Post-stroke complications: how can they be avoided?
Published 29 Oct 2023 • By Candice Salomé
Also known as a stroke, cerebrovascular accident (CVA) is a rupture or obstruction of a blood vessel situated in the brain. Because of the irreversible effects it can have on the brain, it is an absolute medical emergency that requires you to call the emergency number (999) for immediate treatment.
So what are the signs of a stroke? What irreversible consequences can a stroke have? How are post-stroke complications treated?
We explain it all in our article!
What is a stroke (cerebrovascular accident)?
There are more than 100,000 new cases of stroke per year in the UK. Stroke is the fourth leading cause of death.
The average age at which a stroke occurs is 74, but 25% of people affected are under 65 and 10% are under 45.
There are two types of stroke:
- Transient ischaemic attack (TIA), which is a mild form of stroke, caused by the temporary interruption of blood flow to parts of the brain. In a TIA, symptoms last less than an hour and leave no abnormal signs on MRI images of the brain.
- A cerebrovascular accident (CVA) is characterised by damage to part of the brain as a result of the blockage or rupture of a blood vessel. It must be treated quickly to avoid irreversible damage and facilitate recovery.
Stroke symptoms appear suddenly. They include:
What are the consequences of a stroke?
Stroke causes brain damage that can be irreversible. When neurons are deprived of oxygen as a result of vascular obstruction, around 2 million of them die every minute. This is why stroke must be treated as quickly as possible - in order to minimise the time between the first signs and treatment, and to unblock the blocked artery. With current treatments, the time it usually takes to intervene is just a few hours.
The severity of a stroke varies. It can range from a TIA that regresses in a few minutes without leaving any after-effects, to a severe stroke leading to death, or a stroke that leaves more or less serious but permanent sequalae.
Hemiplegia
When stroke affects the motor area of a cerebral hemisphere (right or left side), the opposite part of the body may be paralysed. The paralysis of the right or left side of the body is called hemiplegia.

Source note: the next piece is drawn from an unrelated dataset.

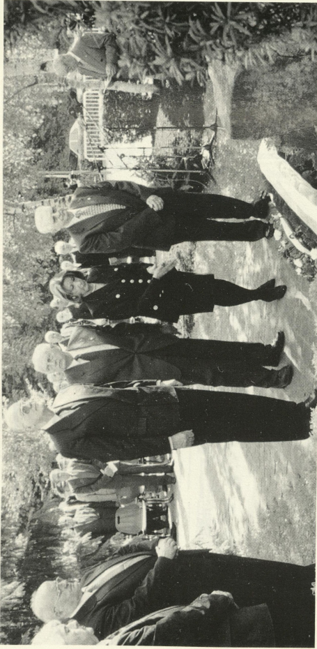
De 29. Mee 1996 as de Mémorial de la Déportation op der Gare vun Hollerech (Zwangskrutéierung an Emsdilling) ageweicht gin. Weinst dem übleche Marktum u Platz am Bülletin, hei jhust ee Bild vun der Inauguration mat dem Versprechen, dass de Rapport dorwäert an der nächster Nummer publizéiert gët.

A stroke that affected the left side of the brain can cause right-side hemiplegia.
Speech disorders
In the event of a stroke, the area responsible for language control may also be affected, leading to language disorders known as "aphasia". This can take the form of difficulty in articulating or finding words.
Hemineglect of the surrounding area
After a stroke, some people may ignore one side (the right or the left, depending on which side is affected) of the area around them. For example, when crossing the road, they may completely ignore what comes from the left, while registering perfectly what comes from the right.
Pain
After a stroke, physical pain may appear on the affected side. This pain may be due to permanent muscle tension.
Some shoulder pain may be linked to a sequela called "algodystrophy" (excessive pain in a body joint, associated with inflammation and joint stiffness).
Other sequelae may arise after a stroke, such as, for example:
- Sphincter disorders, resulting in the inability to urinate or, on the contrary, a constant urge to urinate,
- Sexual problems such as loss of libido, erectile dysfunction or ejaculation disorders,
- Fatigue and difficulty concentrating,
- Depression, anxiety and irritability.
How can the consequences of a stroke be treated?
Stroke rehabilitation should begin as soon as possible, because the sooner it begins, the better the patient's chances of regaining lost abilities and skills. The length of rehabilitation varies according to the complications.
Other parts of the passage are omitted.